Another challenge of uncertain relevance is the impact of sunscreens themselves on ROS formation in skin. Mostly limited to a small number of solution-phase and in vitro studies, para-aminobenzoic acid (PABA) and 2-phenyl-benzimidazole-5-sulfonic acid (PBSA) have been described to induce both singlet oxygen (1O2) and thymine-dimer formation.^33-35 Solution-phase studies found that octylmethoxycinnamate, octocrylene, and PABA all produce 1O2 in phosphate-buffered saline.^33,35

In 2006, Hanson, et al used the fluorescent ROS indicator dihydrorhodamine (DHR) to measure generation of oxidative stress after topical application of oxybenzone, octocrylene, and octinoxate on human ex vivo skin and an epidermal skin model.³⁶ Two-photon fluorescence microscopy revealed that even though early time points showed decreased ROS formation after 60 minutes of incubation, oxidative stress increased. In addition, in vitro experiments using zinc oxide nanoparticles showed increases of oxidative stress and decreased viability in melanoma cells.^37,38

Overall, in most real-life situations, it seems very likely that the net effect of sunscreen use is to reduce net free radical formation due to its UV-filtering benefits. But several concerns would suggest that even greater efficacy might be achieved through certain considerations. As discussed above, cell-intrinsic pheomelanin has been associated with increased ROS production. For individuals who tan easily in response to UV exposure, their pheomelanin/eumelanin ratio is predicted to be increased by consistent sunscreen usage. This would suggest that there may be a "ceiling" to the magnitude of protection offered by UV filters, determined in part by intrinsic melanin pigments within an individual's skin. Additionally, formation of free radicals by the UV-absorbing chemical species, still likely preferable to UV exposure, may nonetheless limit the magnitude of protection afforded by these agents. Clearly, additional detailed studies are needed to more fully understand mechanisms of action and any limitations of highly used skin care products, as well as to develop agents that optimally protect against both UV and oxidative genotoxic damage.
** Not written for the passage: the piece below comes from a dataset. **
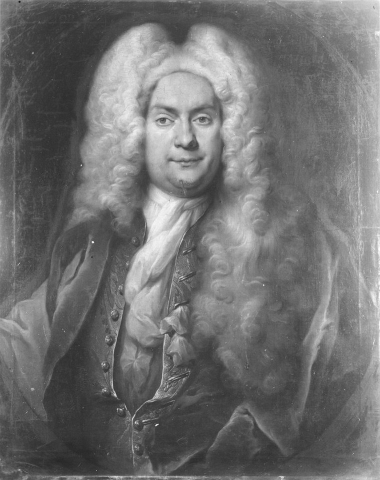 Portrait of Gottfried Leonhard Baudis the Elder (1683-1739) Jurist from Germany

What Does This Mean for Physicians and Patients?

Since the Australian SunSmart campaign with its slogan "slip/slop/slap/seek/slide" was introduced in 1988, many people have been convinced to slip on a long-sleeved top, slop on sunscreen, slap on a hat, seek shade and slide on sunglasses. What has changed since then?
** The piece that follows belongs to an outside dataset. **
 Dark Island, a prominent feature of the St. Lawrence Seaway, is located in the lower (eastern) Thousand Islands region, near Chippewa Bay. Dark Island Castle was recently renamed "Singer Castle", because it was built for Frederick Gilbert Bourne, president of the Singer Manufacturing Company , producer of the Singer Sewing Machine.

As sunlight remains one of the top risk factors for development of cutaneous melanoma, rigorous sun protection remains the main goal. This includes avoidance of direct sun exposure in peak hours, seeking shade, use of covering clothes, a broad-brimmed hat, and sunglasses. While sunscreen use remains a vital recommendation for skin cancer prevention, we might rethink the concept of sunscreens as being equivalent to physical sun protection. Sunscreen ingredients remain chemicals with the potential risk—as any other skin care product—to increase oxidative damage in skin. Optimizing both the safety and efficacy of these ingredients is not a trivial task, as their effects may vary for individuals of different skin phototypes.
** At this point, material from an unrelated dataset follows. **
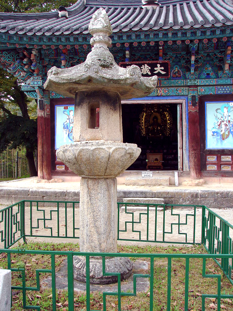 Geumsansa Seokdeung (Stone Lamp), or lamp of enlightenment, was used to light the front of the worship hall. The lamp is made of granite and measures 3.9m/12.8ft high. Dating back to the Goryeo period, was moved to this location in 1922. The square base is carved with a double lotus pattern. The octagonal base has straight lines carved along the length to represent the cosmos. The upper section of the lamp is carved with the fully bloomed lotus. National Treasure #828.
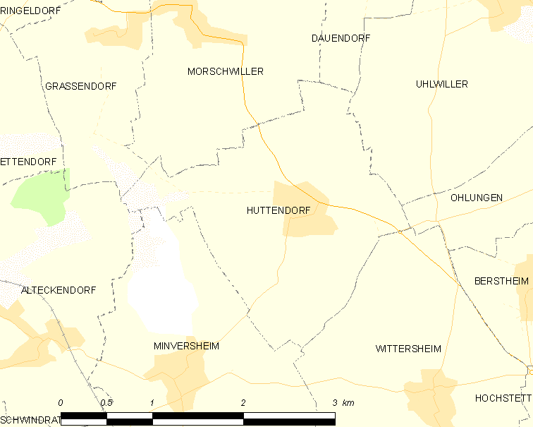 Map of French municipality

Current evidence suggests that naturally pigmented skin (not pigmented by UV exposure) is one of the best available skin cancer "sunscreens," providing up to a 50-fold decrease in the risk of basal and squamous cell carcinomas, and a 12-fold decrease in the risk of melanoma³⁹— benefits not to date achieved or measurable with sunscreen usage. Natural skin color in darker-pigmented individuals of skin type > 2, not resulting from UV exposure, may offer significant protection from typical daily sunlight exposure through its direct shielding and antioxidant features. However, the situation is very different in individuals with pale skin types 1 and 2. This population, with poor tanning dose/response to UV resulting in oncogenic mutational events, bears a greatly increased risk of developing melanoma.

Antioxidants vs. Pheomelanin

The concept of adding antioxidants into sunscreens is attractive yet potentially controversial. While antioxidants diminish oxidative stress through their direct chemical actions, they may also increase cellular cysteine levels due to sparing of endogenous cellular antioxidant consumption. This could be important because cysteine is one of the key ingredients in the pheomelanin synthesis pathway. Therefore, addition of antioxidants might indeed decrease ROS at early time points due to direct chemical quenching, but later switch the pigmentation pathway from eumelanin towards pheomelain synthesis, thereby indirectly contributing to pheomelanin's prooxidative effect. It has been shown that cysteine deprivation promotes eumelanogenesis in human melanoma cells,⁴⁰ and that correspondingly, oral administration of gluthatione induces skin lightening/depigmentation.⁴¹

Such effects are, however, complex, and are likely to depend significantly on chemical details of the antioxidant species, the skin's intrinsic antioxidant features, and the skin's pigmentation status. Further research on sunscreens is needed to develop non-ROS-generating products that are both safe and efficient. Possibilities include introducing chemical step-down processes, finding non-cysteine-modifying antioxidants, or discovering a safe way to induce skin pigmentation. Further investments by manufacturers and researchers alike in sunscreen research and enhanced approval processes are also greatly needed. This includes efforts to promote faster FDA approval of safe, effective sunscreens.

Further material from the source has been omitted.